▶ [PROVIDED RECORDS]:
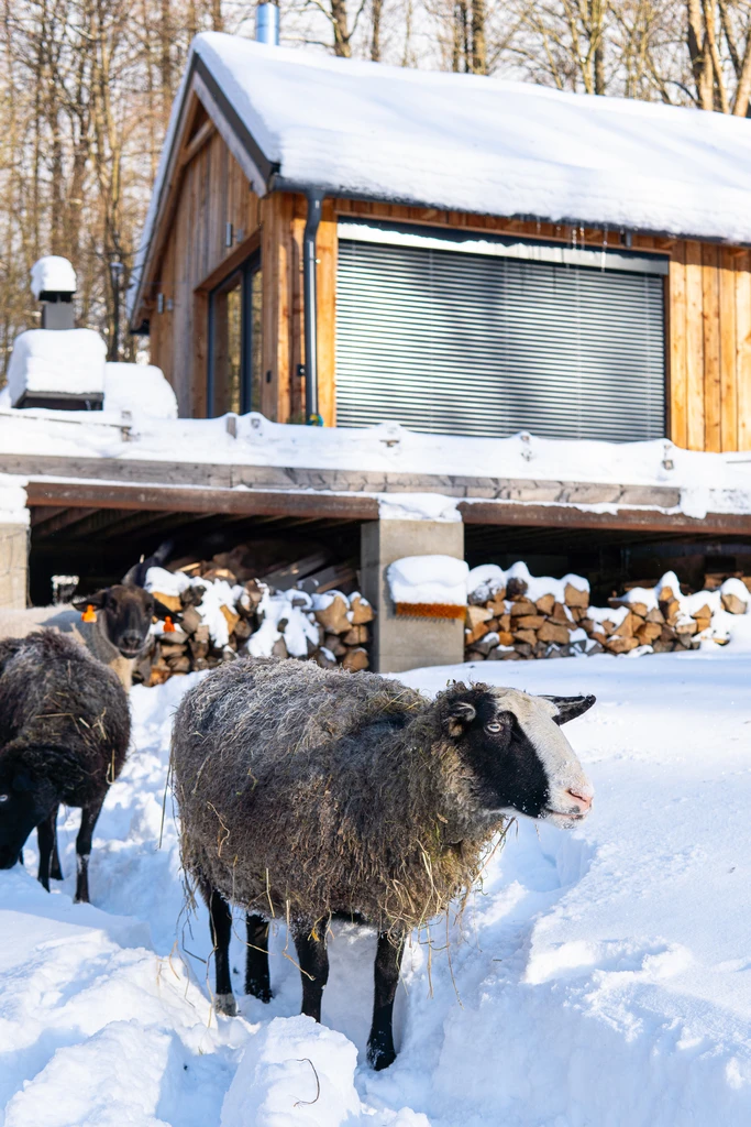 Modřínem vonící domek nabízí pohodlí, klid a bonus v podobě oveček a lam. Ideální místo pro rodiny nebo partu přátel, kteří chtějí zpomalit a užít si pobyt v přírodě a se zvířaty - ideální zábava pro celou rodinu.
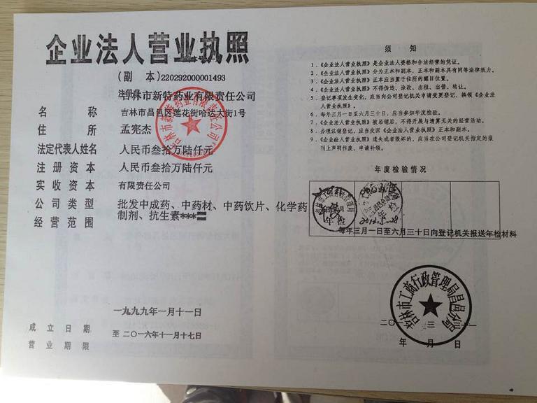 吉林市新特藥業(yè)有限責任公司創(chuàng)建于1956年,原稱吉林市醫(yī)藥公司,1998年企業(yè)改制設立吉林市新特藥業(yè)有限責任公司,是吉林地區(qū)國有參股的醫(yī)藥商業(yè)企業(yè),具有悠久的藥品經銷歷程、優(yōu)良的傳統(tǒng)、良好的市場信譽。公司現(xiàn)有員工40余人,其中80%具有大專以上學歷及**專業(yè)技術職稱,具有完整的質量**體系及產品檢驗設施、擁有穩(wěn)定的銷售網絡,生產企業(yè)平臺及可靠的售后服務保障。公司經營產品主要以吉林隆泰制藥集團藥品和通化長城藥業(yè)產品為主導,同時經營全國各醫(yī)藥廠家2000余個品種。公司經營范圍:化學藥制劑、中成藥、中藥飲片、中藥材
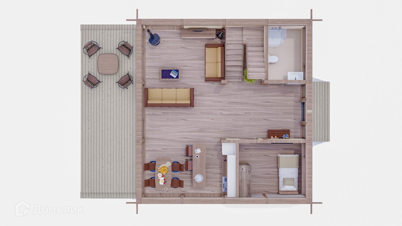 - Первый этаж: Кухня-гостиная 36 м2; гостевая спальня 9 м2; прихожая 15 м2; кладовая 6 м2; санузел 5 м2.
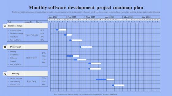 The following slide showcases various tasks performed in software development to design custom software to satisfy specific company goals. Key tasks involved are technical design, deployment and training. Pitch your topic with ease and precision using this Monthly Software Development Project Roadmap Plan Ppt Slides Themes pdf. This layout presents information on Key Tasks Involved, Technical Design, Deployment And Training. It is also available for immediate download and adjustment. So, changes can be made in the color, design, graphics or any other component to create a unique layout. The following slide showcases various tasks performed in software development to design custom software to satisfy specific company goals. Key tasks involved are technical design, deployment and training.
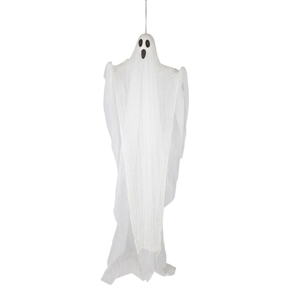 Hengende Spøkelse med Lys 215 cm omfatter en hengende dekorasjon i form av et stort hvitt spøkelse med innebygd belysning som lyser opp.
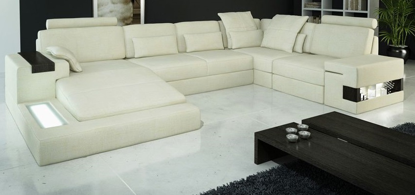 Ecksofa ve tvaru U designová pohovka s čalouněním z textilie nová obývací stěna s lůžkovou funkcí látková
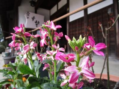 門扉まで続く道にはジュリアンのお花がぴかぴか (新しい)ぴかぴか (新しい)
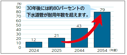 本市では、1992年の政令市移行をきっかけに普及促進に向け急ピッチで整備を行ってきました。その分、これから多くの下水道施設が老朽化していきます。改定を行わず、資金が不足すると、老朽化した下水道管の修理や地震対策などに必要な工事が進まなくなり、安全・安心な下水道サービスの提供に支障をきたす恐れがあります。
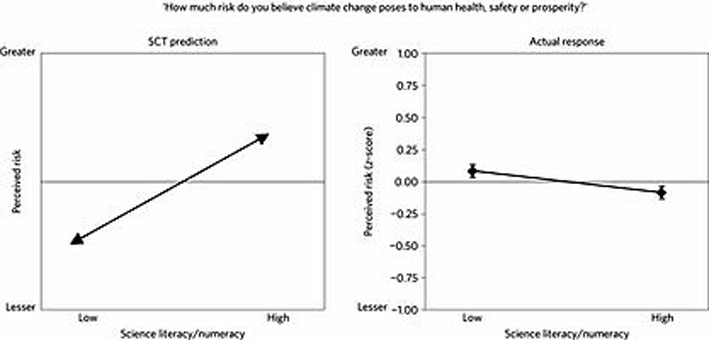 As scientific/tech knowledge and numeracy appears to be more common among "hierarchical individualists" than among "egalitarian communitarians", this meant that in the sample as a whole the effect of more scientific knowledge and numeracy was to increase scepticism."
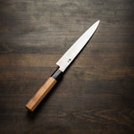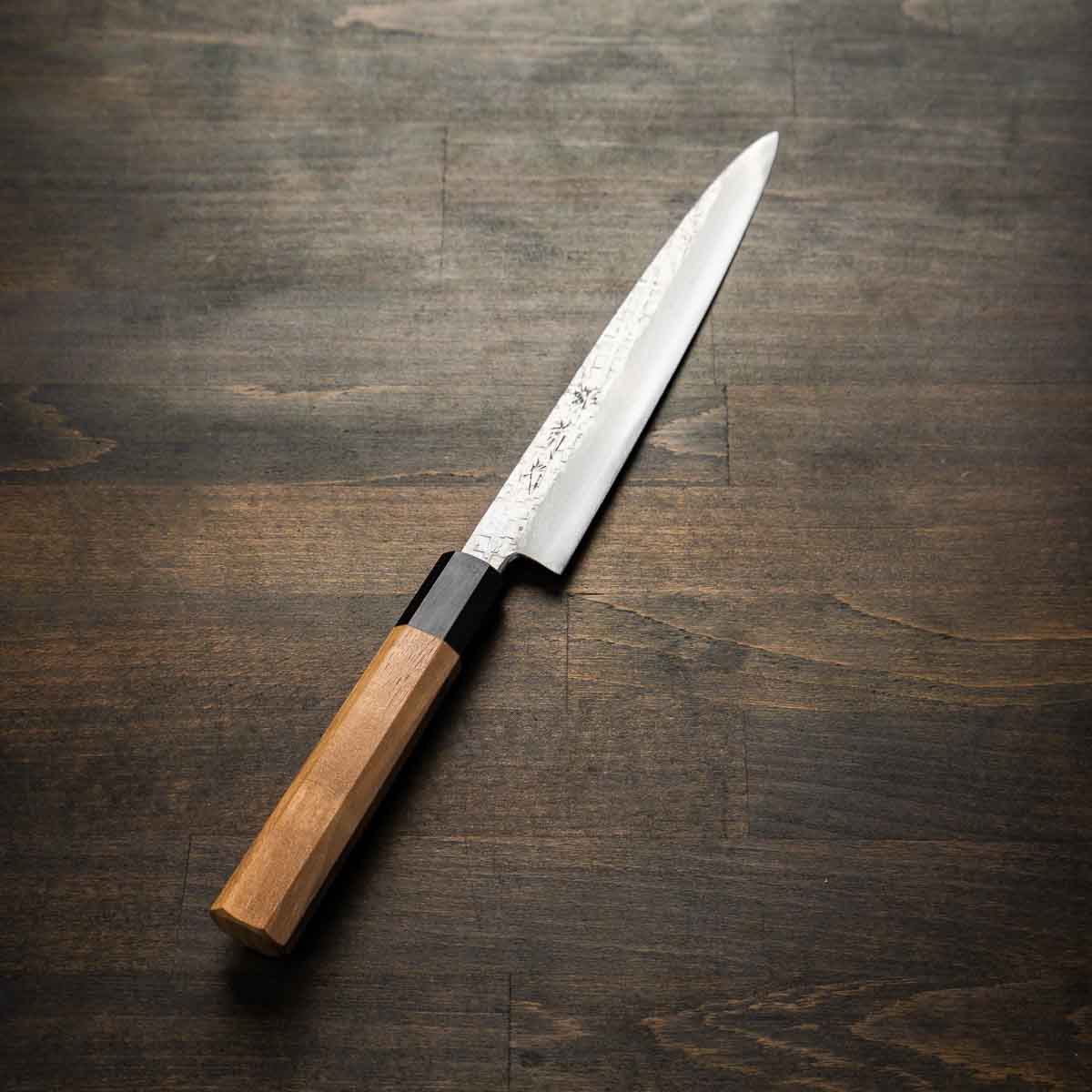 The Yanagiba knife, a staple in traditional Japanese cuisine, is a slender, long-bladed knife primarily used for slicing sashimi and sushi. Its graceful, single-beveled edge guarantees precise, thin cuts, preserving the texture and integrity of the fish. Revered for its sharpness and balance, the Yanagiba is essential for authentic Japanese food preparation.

▶ [YOUR INSTRUCTIONS]: Once the line with "Hengende Spøkelse med" is found above, transcribe each line from it through the line with "本市では、1992年の政令市", exactly, and omit the pictures.

▶ [EXERCISE OUTPUT]:
 Hengende Spøkelse med Lys 215 cm omfatter en hengende dekorasjon i form av et stort hvitt spøkelse med innebygd belysning som lyser opp.
 Ecksofa ve tvaru U designová pohovka s čalouněním z textilie nová obývací stěna s lůžkovou funkcí látková
 門扉まで続く道にはジュリアンのお花がぴかぴか (新しい)ぴかぴか (新しい)
 本市では、1992年の政令市移行をきっかけに普及促進に向け急ピッチで整備を行ってきました。その分、これから多くの下水道施設が老朽化していきます。改定を行わず、資金が不足すると、老朽化した下水道管の修理や地震対策などに必要な工事が進まなくなり、安全・安心な下水道サービスの提供に支障をきたす恐れがあります。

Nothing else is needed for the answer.